In addition to the user-level cluster functionality, CloudMan makes it easy to exploit what is arguably the most unique and powerful feature of cloud computing - elasticity. Through the CloudMan web interface, one can scale the size of the cloud cluster at runtime by adding or removing worker instances comprising the cluster (Figure 2). Similarly, the size of the persistent data volume (i.e., EBS volume) associated with a cluster can easily be expanded. Within EC2, individual EBS volumes used as persistent data storage medium within CloudMan, have a predefined size. As the use of a given cluster expands, users may consume the space associated with the given cluster. The CloudMan web interface allows ‘growing’ the size of the persistent data volume associated with a cluster. In the background CloudMan orchestrates the following steps to accomplish the task at hand: (1) stop any services using the user data volume, (2) detach the current user data volume from the master instance, (3) snapshot the detached volume, (4) create a new volume of user-specified size based on the snapshot from step 3 and attach it to the master instance, (5) grow the file system on the new data volume, and (6) resume any services.

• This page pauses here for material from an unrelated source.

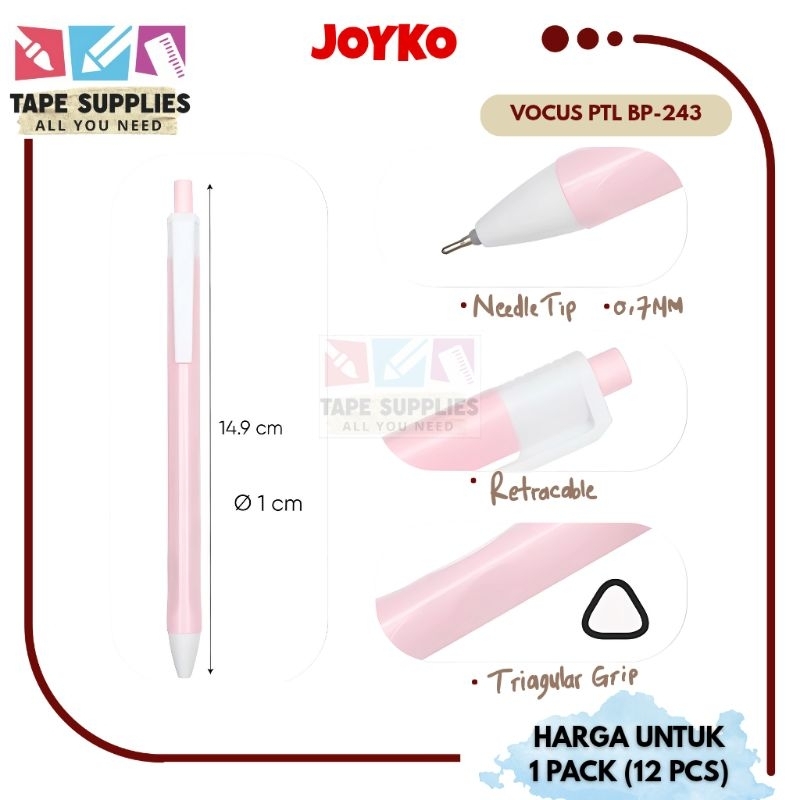 (1 Pk) Ball Pen Pulpen Pena Joyko BP-342/363 Vokus PTL 0.7mm (12 pcs)
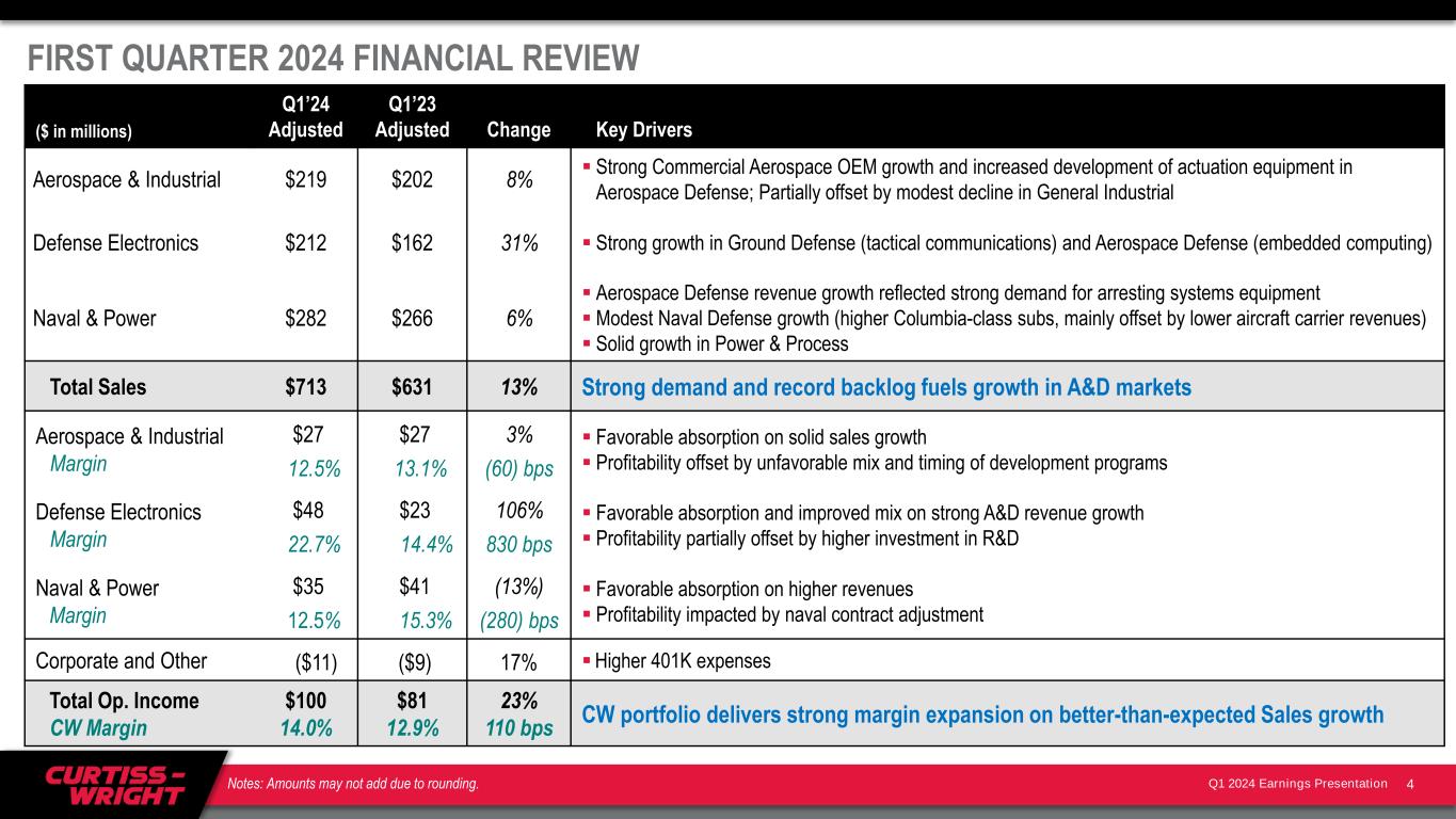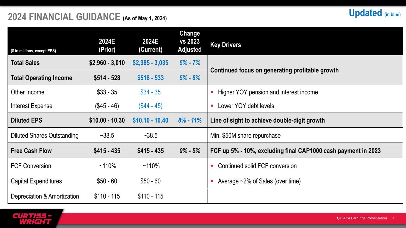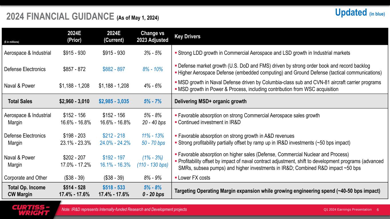 CURTISS-WRIGHT REPORTS FIRST QUARTER 2024 FINANCIAL RESULTS AND INCREASES FULL-YEAR 2024 GUIDANCE FOR SALES, OPERATING INCOME AND EPS

Because Galaxy CloudMan is built on top of a Bio-Linux machine image, all of the tools available within Bio-Linux can be used on the instantiated cloud cluster. Accessing the Bio-Linux tools is realized through a command line interface - just like on any other compute cluster. As indicated earlier, the SGE job manager is configured and used on the cluster, making it possible for users to simply copy their job scripts to the cloud cluster and run them there - but with the scalability offered through cloud computing.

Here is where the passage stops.